In this study, we integrated multimodal neuroimaging and behavioral assessments to characterize how SCD affects the brain’s blood flow and function. Our findings provide new evidence that adults with SCD experience a substantially altered neurophysiological state at rest, encompassing both perfusion and neural connectivity abnormalities. These brain changes are not merely subclinical curiosities; rather, they have tangible associations with the cognitive and sensory symptoms observed in SCD. Here, we contextualize these results in light of known SCD pathophysiology and prior literature, discuss their implications for understanding SCD-related brain injury and pain, and consider potential clinical implications and directions for future research.

Elevated CBF as a double-edged sword

We confirmed that SCD patients have significantly higher resting CBF than controls, consistent with chronic compensatory vasodilation due to anemia. This supports prior reports that CBF is inversely related to hemoglobin in SCD, as the brain attempts to maintain oxygen delivery by increasing flow.17 While initially adaptive, chronically elevated CBF likely becomes a double-edged sword. On one hand, it indicates the cerebrovascular system is working at maximum capacity to meet metabolic demands. On the other, it erodes the cerebrovascular reserve—the ability to further augment flow when needed is reduced because vessels are already near maximally dilated at baseline. Our finding that higher CBF correlates with slower cognitive processing fits with this interpretation: patients with the greatest hyperemia (often those with more severe anemia) had the poorest cognitive performance. This aligns with a scenario in which chronic hyperperfusion, alongside hemoglobin desaturation, still fails to prevent microischemia in critical brain regions (eg, frontal white matter tracts or cortical areas necessary for processing speed). Over time, high-flow states can cause endothelial shear stress and contribute to cerebral vasculopathy—SCD patients often develop large-vessel stenosis and small-vessel damage in adulthood.18 The net effect is a vulnerability to ischemic injury despite increased CBF. Thus, our results reinforce the concept that “more flow” does not equate to “more oxygen” in advanced SCD; beyond a certain point, the coupling of flow and metabolism is perturbed. Clinically, this emphasizes the importance of aggressive anemia management. Interventions like hydroxyurea or transfusions that raise hemoglobin may help reduce the chronic hyperemic drive, potentially improving cognitive outcomes—a hypothesis that could be tested in future longitudinal studies by observing whether normalization of CBF accompanies cognitive benefits.

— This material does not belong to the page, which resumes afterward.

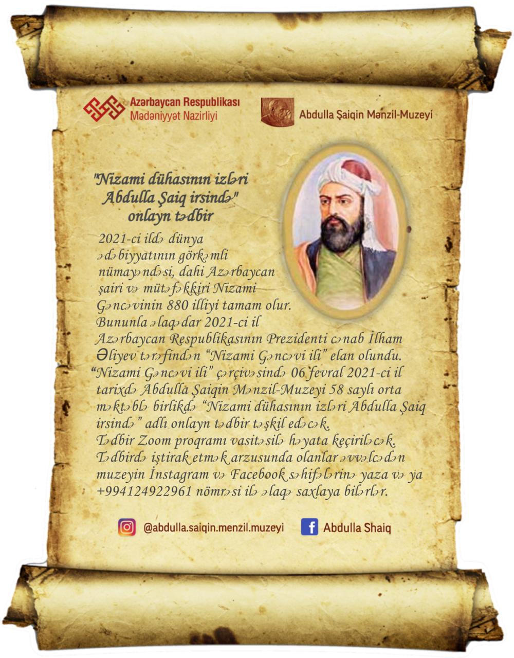 2021-ci ildə dünya ədəbiyyatının görkəmli nümayəndəsi, dahi Azərbaycan şairi və mütəfəkkiri Nizami Gəncəvinin 880 illiyi tamam olur. Bununla əlaqədar 2021-ci il Azərbaycan Respublikasının Prezidenti cənab İlham Əliyev tərəfindən “Nizami Gəncəvi ili” elan olundu. “Nizami Gəncəvi ili” çərçivəsində 06 fevral 2021-ci il tarixdə saat 14:00-da Abdulla Şaiqin Mənzil-Muzeyi 58 saylı orta məktəblə birlikdə “Nizami dühasının izləri Abdulla Şaiq irsində” adlı onlayn tədbir təşkil edəcək. Tədbir Zoom proqramı vasitəsilə həyata keçiriləcək. Tədbirdə iştirak etmək arzusunda olanlar əvvəlcədən muzeyin İnstagram və Facebook səhifələrinə yaza və ya +994124922961 nömrəsi ilə əlaqə saxlaya bilərlər.
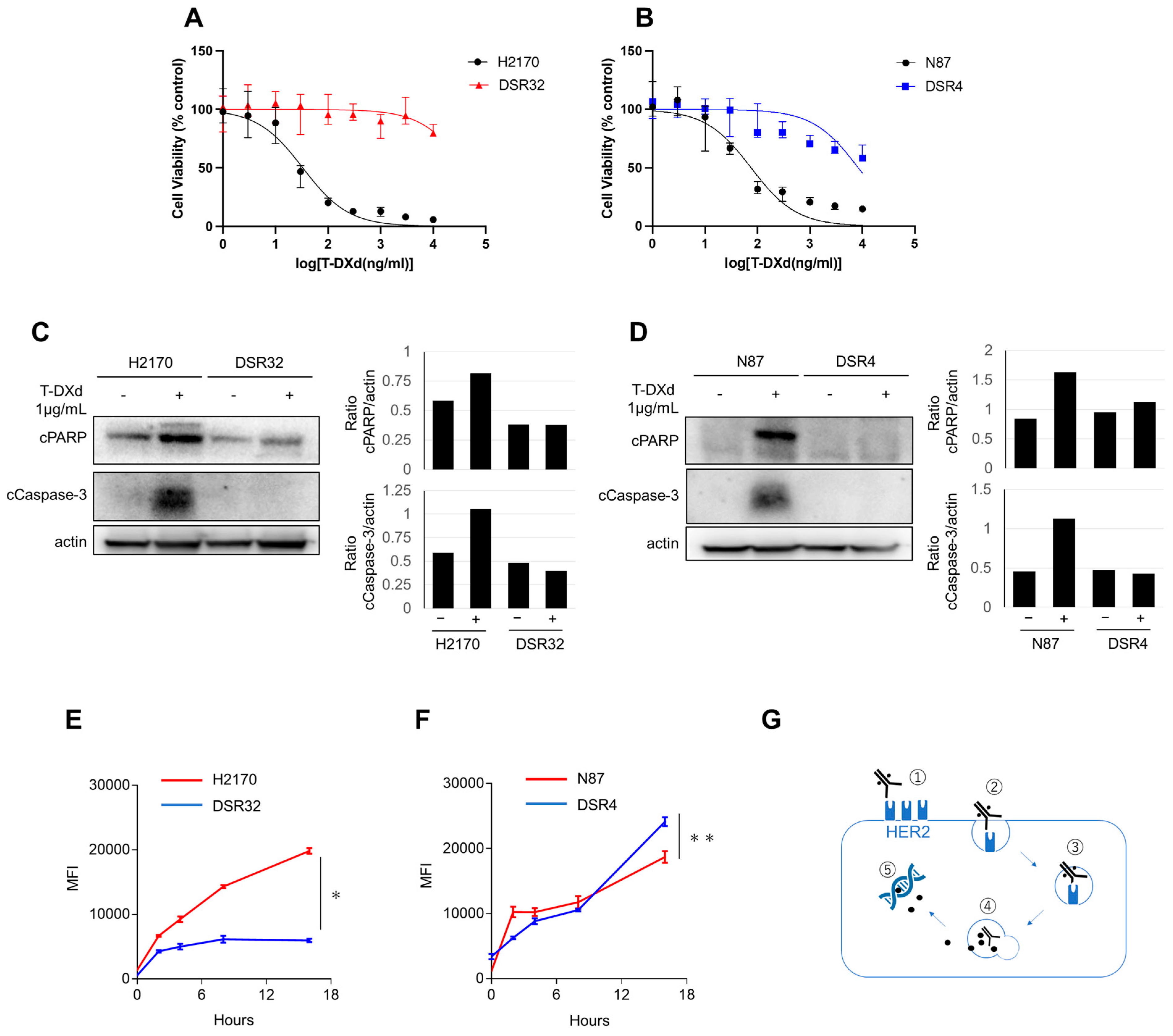 2.1. T-DXd-Resistance and Its Relationship to Internalization and Lysosomal Transport

Resting-state network dysregulation and cognitive implications

One of the novel contributions of this work is the demonstration of widespread rsFC alterations in SCD adults. We found that SCD brains operate in a more globally synchronized manner at rest, with reduced differentiation between networks. This resembles patterns seen in other conditions of brain injury or chronic pain. For example, traumatic brain injury and normal aging have been associated with reduced anti-correlations between default mode and task-positive networks, interpreted as a loss of efficient network switching.19 In chronic pain disorders (eg, fibromyalgia), increased connectivity within the SLN and between the insula and prefrontal regions has been reported, reflecting persistent pain-related salience of internal signals.20 The SCD connectivity profile—characterized by hyperconnectivity linking pain-related regions (insula, ACC) with cognitive control hubs and sensorimotor areas—suggests that the brain in SCD may be continuously primed in a “pain-ready” state. The attenuation of DMN–SLN anti-correlation in SCD is particularly intriguing. Normally, the SLN (including the insula and ACC) helps toggle the brain between default mode and executive networks in response to salient (eg, painful) stimuli.21 In SCD, the insula and ACC were almost uniformly positively coupled with other networks, potentially signifying constant engagement of salience/emotional circuits. This could manifest behaviorally as difficulty in shifting between resting and task states, or as persistent internal focus on discomfort. Though our sample didn’t show a direct correlation between connectivity metrics and cognitive scores, the literature would predict that such network hyperconnectivity might correlate with fatigue, executive dysfunction, or attentional impairments. Indeed, reduced network segregation has been linked to impaired cognitive flexibility, and SCD patients in larger studies have demonstrated deficits in multitasking and attention that might relate to these network-level changes.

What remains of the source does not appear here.